Tech and communication services have rebounded sharply since the March 30 market bottom, rising 20% and 16.5%, respectively, versus an 11.4% gain for the S&P 500. The prior rotation winners are lagging: energy is down 10.3%, materials are up 5.5%, and consumer staples are little changed, while the Russell 2000 has gained 14.5% since March 30. The article highlights a fast-moving shift in sector leadership driven by valuation, earnings, AI enthusiasm, and easing Middle East uncertainty.

Analysis

The key second-order effect is that this is less a clean factor rotation than a crowded positioning unwind that keeps snapping back to the same core secular winners. Once growth leadership reasserts, the pain is concentrated in the “everything else” basket that had been financed by prior underexposure to mega-cap tech; that creates a mechanical drag on energy, materials, and staples even if their fundamentals have not deteriorated meaningfully. In other words, the underperformers are now vulnerable not because their earnings are collapsing, but because their relative-valuation rerating has already been harvested and there is no fresh marginal buyer. The risk to chasing the tech bounce is that it may be more multiple recovery than pure earnings acceleration, which makes it fragile if rates reprice higher or if AI capex starts to show margin pressure in coming quarters. But the more important catalyst is earnings season: if the expected revisions remain intact, the market can continue paying up for durable compounders while ignoring the macro crosscurrents. That said, the market’s breadth is still broad enough that a reversal in crude or geopolitics could quickly re-fund the prior winners, especially in small caps where hard-asset and cyclical exposure is doing a lot of the index’s work. The contrarian miss is that the current regime still favors owning both ends of the quality spectrum rather than making a binary style bet.
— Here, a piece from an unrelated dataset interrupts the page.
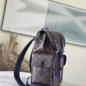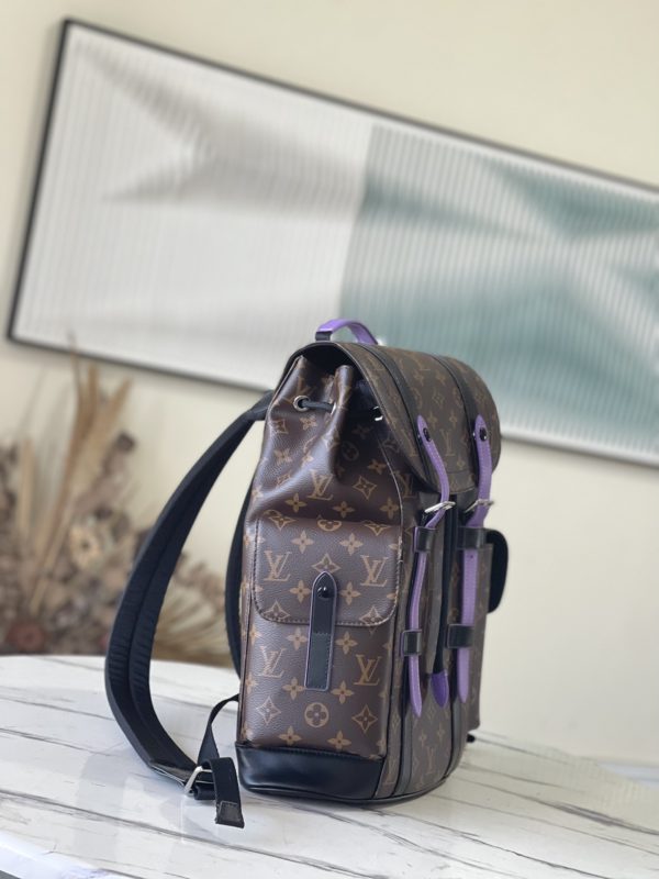 This Christopher Backpack condenses the classic design size, and continues the iconic elements such as side pockets and snap button double shoulder straps. Monogram Macassar canvas with bright calfskin trim and an interior tablet pocket provide a modern way to carry your everyday essentials.

Small caps and consumer discretionary are telling you the market is also pricing a mild re-acceleration in domestic nominal activity, so the cleanest expression is not simply long tech/short cyclicals. Instead, the opportunity is in relative-value dislocations where valuation already reset sharply and earnings revisions remain stable, while avoiding sectors whose recent outperformance was driven primarily by exogenous shocks rather than self-sustaining fundamentals.